Bizim zamanımızda yoktu ama sonraları küvette plastik ördeğini yüzdüren çocuklarımız oldu.
Yüzen her şey gibi, yüzme de insanoğlunun “en sevdiği” faaliyetler arasında kendisine her zaman önemli bir yer buldu…
Yüzmeyi seviyorduk, yüzeni seviyor, yüzdürmeyi de seviyorduk…
Bu nedenle de, tarihin ilk zamanlarından bu yana suyun üzerine atılan tahtanın geliştirilmesiyle ömür tüketildi, koca gemiler açık denizlere doğru insanları taşıdı durdu.
İnandıklarımız vardı, bir de hayret ettiklerimiz…
Yüzen eve karşı bir merakımız vardı. Evin yüzmeyeceğine inanıyorduk çünkü ama yüzdürdük. Yüzen yatağımız, yüzen okulumuz, yüzen hastanemiz, yüzen havuzlarımız bile oldu…

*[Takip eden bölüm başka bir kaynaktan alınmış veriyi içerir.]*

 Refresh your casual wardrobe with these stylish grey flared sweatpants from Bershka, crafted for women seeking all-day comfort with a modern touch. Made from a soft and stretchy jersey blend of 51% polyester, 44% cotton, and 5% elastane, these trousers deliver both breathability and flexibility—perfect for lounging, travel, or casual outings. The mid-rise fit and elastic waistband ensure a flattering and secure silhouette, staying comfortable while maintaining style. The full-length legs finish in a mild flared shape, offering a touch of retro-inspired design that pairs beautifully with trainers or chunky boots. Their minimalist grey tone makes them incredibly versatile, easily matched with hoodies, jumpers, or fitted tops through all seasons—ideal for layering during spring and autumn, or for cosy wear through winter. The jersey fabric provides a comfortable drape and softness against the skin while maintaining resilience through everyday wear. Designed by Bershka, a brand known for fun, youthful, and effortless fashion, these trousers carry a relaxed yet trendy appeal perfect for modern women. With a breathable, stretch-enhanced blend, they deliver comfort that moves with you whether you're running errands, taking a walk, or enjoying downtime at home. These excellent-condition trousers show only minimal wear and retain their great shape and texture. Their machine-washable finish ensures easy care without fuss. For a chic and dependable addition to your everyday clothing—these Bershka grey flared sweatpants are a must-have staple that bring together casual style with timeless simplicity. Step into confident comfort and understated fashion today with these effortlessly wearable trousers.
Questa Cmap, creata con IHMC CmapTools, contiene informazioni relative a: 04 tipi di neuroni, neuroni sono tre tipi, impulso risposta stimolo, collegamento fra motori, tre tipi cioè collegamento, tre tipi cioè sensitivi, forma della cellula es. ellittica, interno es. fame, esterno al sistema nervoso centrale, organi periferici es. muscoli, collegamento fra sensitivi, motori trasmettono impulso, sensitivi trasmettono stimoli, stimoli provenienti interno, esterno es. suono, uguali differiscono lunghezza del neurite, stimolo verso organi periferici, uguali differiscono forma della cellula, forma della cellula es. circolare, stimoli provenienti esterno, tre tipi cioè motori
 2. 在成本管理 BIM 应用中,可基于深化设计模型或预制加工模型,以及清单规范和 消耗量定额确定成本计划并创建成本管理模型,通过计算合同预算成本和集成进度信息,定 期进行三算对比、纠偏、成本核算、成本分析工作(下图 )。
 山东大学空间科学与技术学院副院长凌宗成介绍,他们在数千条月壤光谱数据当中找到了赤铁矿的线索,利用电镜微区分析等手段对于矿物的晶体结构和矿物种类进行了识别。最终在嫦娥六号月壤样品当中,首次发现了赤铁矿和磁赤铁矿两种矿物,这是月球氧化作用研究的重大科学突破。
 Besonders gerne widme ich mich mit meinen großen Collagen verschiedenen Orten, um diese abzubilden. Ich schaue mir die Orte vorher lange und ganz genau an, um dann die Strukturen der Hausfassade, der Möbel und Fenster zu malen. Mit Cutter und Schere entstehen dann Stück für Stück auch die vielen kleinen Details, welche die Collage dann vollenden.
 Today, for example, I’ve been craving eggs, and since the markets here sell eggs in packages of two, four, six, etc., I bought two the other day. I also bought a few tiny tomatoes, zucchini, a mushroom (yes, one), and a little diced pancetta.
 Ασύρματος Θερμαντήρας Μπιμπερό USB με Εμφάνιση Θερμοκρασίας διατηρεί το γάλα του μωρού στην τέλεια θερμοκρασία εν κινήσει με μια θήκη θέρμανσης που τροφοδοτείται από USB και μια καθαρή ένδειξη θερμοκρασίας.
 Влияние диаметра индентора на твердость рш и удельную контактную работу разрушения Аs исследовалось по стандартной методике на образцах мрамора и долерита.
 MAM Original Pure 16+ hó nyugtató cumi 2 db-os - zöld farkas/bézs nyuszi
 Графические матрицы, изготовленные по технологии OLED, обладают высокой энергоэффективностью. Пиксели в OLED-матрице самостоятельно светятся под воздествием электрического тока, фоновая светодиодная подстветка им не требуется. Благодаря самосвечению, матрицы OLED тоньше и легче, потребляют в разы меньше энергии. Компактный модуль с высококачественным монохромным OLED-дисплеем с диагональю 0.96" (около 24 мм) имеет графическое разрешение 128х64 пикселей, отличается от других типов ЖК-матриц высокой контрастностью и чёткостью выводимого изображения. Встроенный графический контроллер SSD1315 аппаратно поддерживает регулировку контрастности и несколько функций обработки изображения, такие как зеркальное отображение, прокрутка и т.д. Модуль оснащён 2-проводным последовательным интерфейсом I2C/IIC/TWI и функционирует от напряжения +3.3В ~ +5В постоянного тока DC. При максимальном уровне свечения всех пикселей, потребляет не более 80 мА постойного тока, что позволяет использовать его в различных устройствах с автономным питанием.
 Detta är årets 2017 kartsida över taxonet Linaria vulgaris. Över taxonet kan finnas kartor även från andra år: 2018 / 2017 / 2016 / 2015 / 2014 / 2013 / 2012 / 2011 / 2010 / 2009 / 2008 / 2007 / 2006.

Bir de yüzen adalarımız var…
Yüzen ada, karaya bağlantısı olmayan, su yüzeyinde serbest halde bulunan adalar olarak bilinir. Bunun sayısı pek fazla değil. Keşfedilmemiş var mı bilmem ama ülkemizde 22 yüzen ada olduğu tahmin ediliyor. Bunlardan birisi de Adıyaman’ın Çelikhan ilçesinde, Çat Barajını havzasında…
Adanın yüzmesi, bütün bunlardan daha da ilgi çekici.